* Your task:
Your answer must be the lines from the first one in the material through the line with "The unique dials", retyped exactly and with no pictures.

* Provided material:
"""

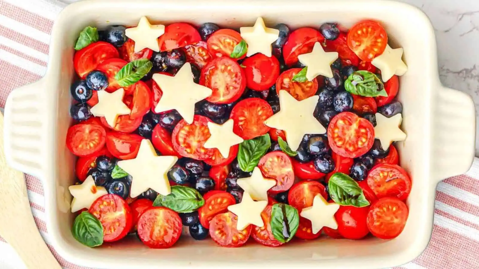 Fresh mozzarella, strawberries, blueberries, and basil come together for this festive caprese. The red, white, and blue colors make it perfect for patriotic holidays. You can prep it in advance, but it’s best served chilled. It’s simple and always a crowd favorite.
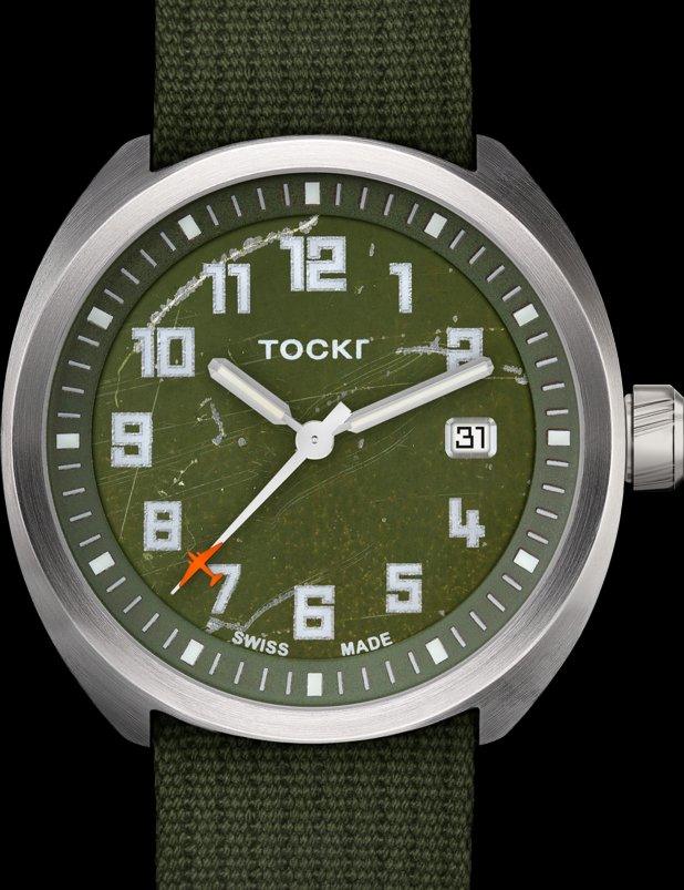 The unique dials bear evidence of their history with distinctive weathering, each a fragment of a much larger story that the CAF has preserved in the restored C-47 aircraft. The Tockr D-Day C-47 comes in three dial styles, each ranging from dark to light military hues of brown and green, but differentiated by varying degrees of original weathering, chipping, and scratches and distinctive markings. “Clean Cut,” offers the lightest degree of weathering, while “Stamped,” features medium weathering, with some original type in yellow, brown or blue hues. A third “Hard Worn” variation is heavily weathered, crackled, and chipped with large areas of exposed aluminum.
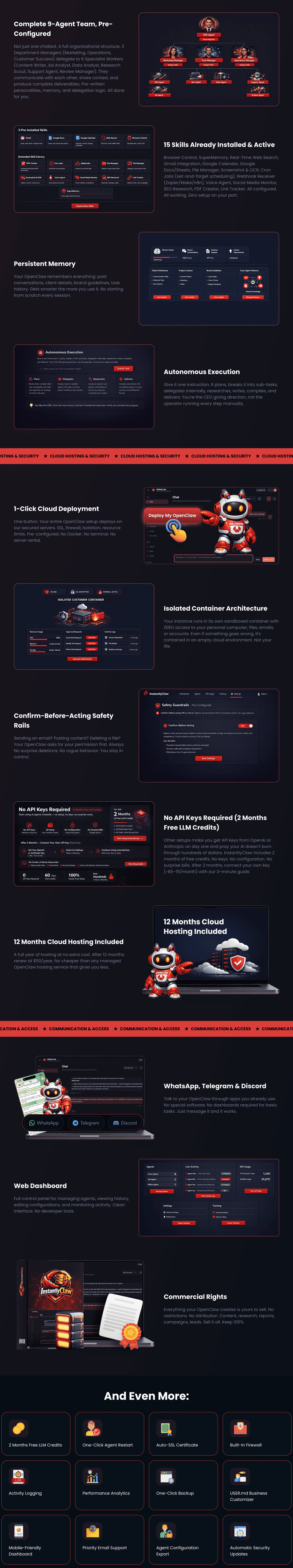 - 15 pre-installed skills (Gmail, Google Docs/Sheets, Browser Control, Web Search, SEO Research, Social Media Monitor, PDF Creator, Cron Jobs, Webhooks, Google Calendar, File Manager, Screenshot/OCR, Voice Agent, Link Tracker, SuperMemory)
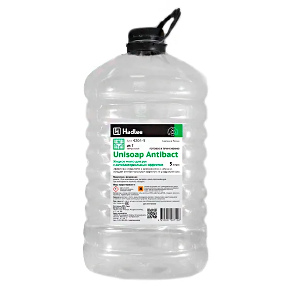 Жидкое мыло наливное Hadlee Unisoap Antibact 5л, антибактериальное, 4204-5

"""

* Written response:
 Fresh mozzarella, strawberries, blueberries, and basil come together for this festive caprese. The red, white, and blue colors make it perfect for patriotic holidays. You can prep it in advance, but it’s best served chilled. It’s simple and always a crowd favorite.
 The unique dials bear evidence of their history with distinctive weathering, each a fragment of a much larger story that the CAF has preserved in the restored C-47 aircraft. The Tockr D-Day C-47 comes in three dial styles, each ranging from dark to light military hues of brown and green, but differentiated by varying degrees of original weathering, chipping, and scratches and distinctive markings. “Clean Cut,” offers the lightest degree of weathering, while “Stamped,” features medium weathering, with some original type in yellow, brown or blue hues. A third “Hard Worn” variation is heavily weathered, crackled, and chipped with large areas of exposed aluminum.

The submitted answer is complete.